I was beginning to fear that I'd have to break one of the road rules (#2: Never eat in a chain restaurant). We hadn't had breakfast and the Sonics and Hardees and Burger Kings that we were passing were starting to look pretty good. Then Bruce and I both saw the sign at the same time -- "BJ's Cajun Cooker. Chicken On A Stick $3.99". I scanned the parking lot -- a couple of pickups and three or four cars. Somebody was having lunch. So we turned in.
Inside the door there was a high counter. The menu selections were listed above the order windows. Catfish po' boys, (and shrimp and oyster and clam po' boys too), grilled fish, fish & shrimp, etc., etc... A tall, thin, slightly pinched looking woman swayed up to the window and looked down at us just a little sceptically.
"Hello!" I said brightly. She gave a nod. "What do you think we should have? My friend here is from England."
A pause. "Don't know what he wants," she drawled, making me feel like I'd breached some local protocol.
Bruce gulped & grinned, "There's so many choices...!"
She allowed a slight smile and said, "Some say the catfish is pretty good." Another long pause. "The plates come with two sides..."

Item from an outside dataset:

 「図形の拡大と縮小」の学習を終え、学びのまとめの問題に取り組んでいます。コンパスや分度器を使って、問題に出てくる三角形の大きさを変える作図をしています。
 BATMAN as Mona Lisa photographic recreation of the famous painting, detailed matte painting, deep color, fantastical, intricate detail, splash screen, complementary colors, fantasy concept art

So I ordered the grilled catfish plate with coleslaw and corn. Bruce picked the fish and shrimp, with the same sides (I haven't asked him about this, but it was clear he was looking at the list of sides and thinking I have no idea what these things are. Better to be safe and pick what Scott has...)
Miz Lean gave me the order ticket. "Sit wherever you like. I'll call out the last three numbers." She gave me another stern look as if she wasn't quite sure I was following her about the last three numbers.

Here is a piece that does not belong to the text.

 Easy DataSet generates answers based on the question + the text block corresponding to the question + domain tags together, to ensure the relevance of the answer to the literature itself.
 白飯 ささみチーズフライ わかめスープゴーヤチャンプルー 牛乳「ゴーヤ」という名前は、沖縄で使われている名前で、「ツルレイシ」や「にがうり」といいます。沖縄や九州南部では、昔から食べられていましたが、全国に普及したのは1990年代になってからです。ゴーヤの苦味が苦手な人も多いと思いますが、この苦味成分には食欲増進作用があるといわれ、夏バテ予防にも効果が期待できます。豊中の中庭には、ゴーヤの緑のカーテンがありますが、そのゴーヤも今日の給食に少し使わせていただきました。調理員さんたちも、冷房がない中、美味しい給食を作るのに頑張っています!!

"This is the real thing," said Bruce as we sat down at our little table, looking out the window at the pond in the back. It took a while (she'd warned me that "it'll take a bit for him to grill that catfish") and then she leaned out the window, looked straight at us, and called out the last three numbers of our ticket. I leapt up and went to get the paper plates, cups for our soda fountain drinks, plastic forks & paper napkins. She softened a bit (I guess because I did the number thing right) and asked if we'd like tartar sauce or lemon juice. Yes, to both, we said, and took everything back to the table.
It was no surprise that the food was superb. This is the kind of place that John T. Edge would love. But I was baffled when I got my plate and saw the golden brown cylinder that I at first took to be some kind of biscuit or corn fritter. And then realized that nowhere on the plate was the mound of cooked corn that I'd been expecting. What was before me was a half-ear of corn that had been very lightly battered and dropped into the frying oil. The crust was paper thin, just enough to protect the kernels from the oil, so that they cooked up wonderfully juicy and full of flavor. The fish was delicious, but the standout was that corn!

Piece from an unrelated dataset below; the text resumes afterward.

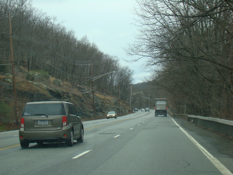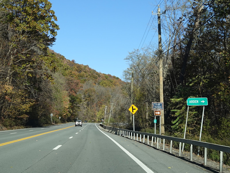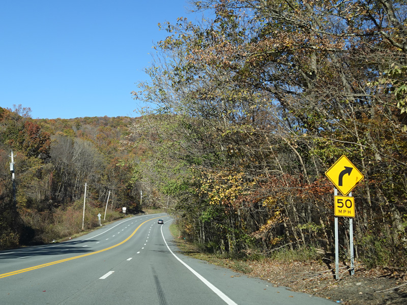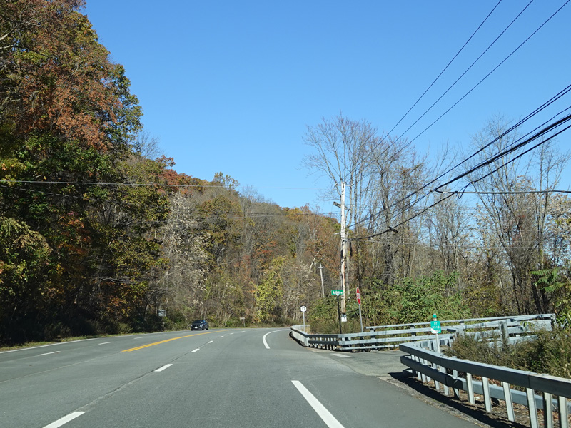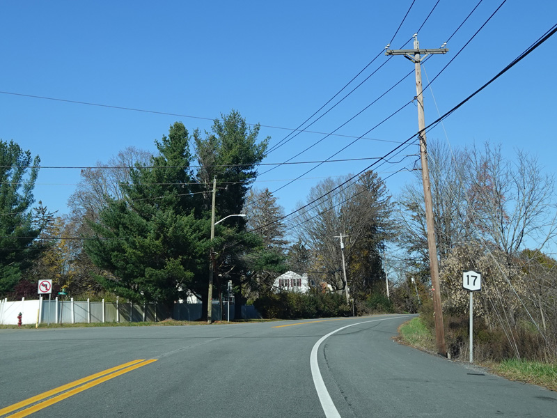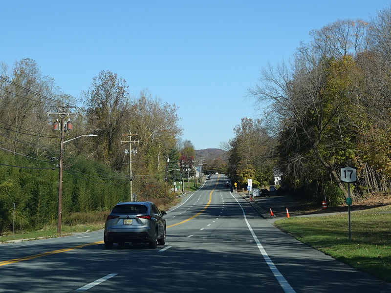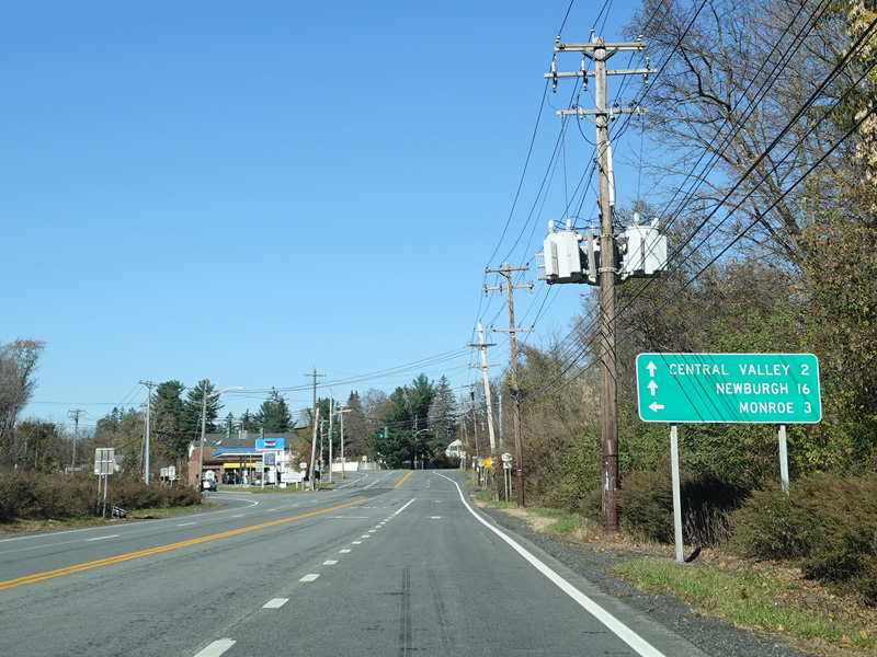 Skipping north to Southfields, Orange Turnpike continues north as a four-lane undivided road. After a short distance, Orange Turnpike splits off to the left to become CR 19. There is no signage for the split. Continue straight ahead to stay on NY 17.

The Natchez Trace was beautiful, and we stopped off to see an Indian burial mound, and we wound our way down through the middle of Louisiana, listening to music and watching the life of the little towns, until we finally made it to our motel on the edge of Lake Charles. It was a great driving day and we saw many wonderful things. But I'll remember best the deep fried corn on the cob.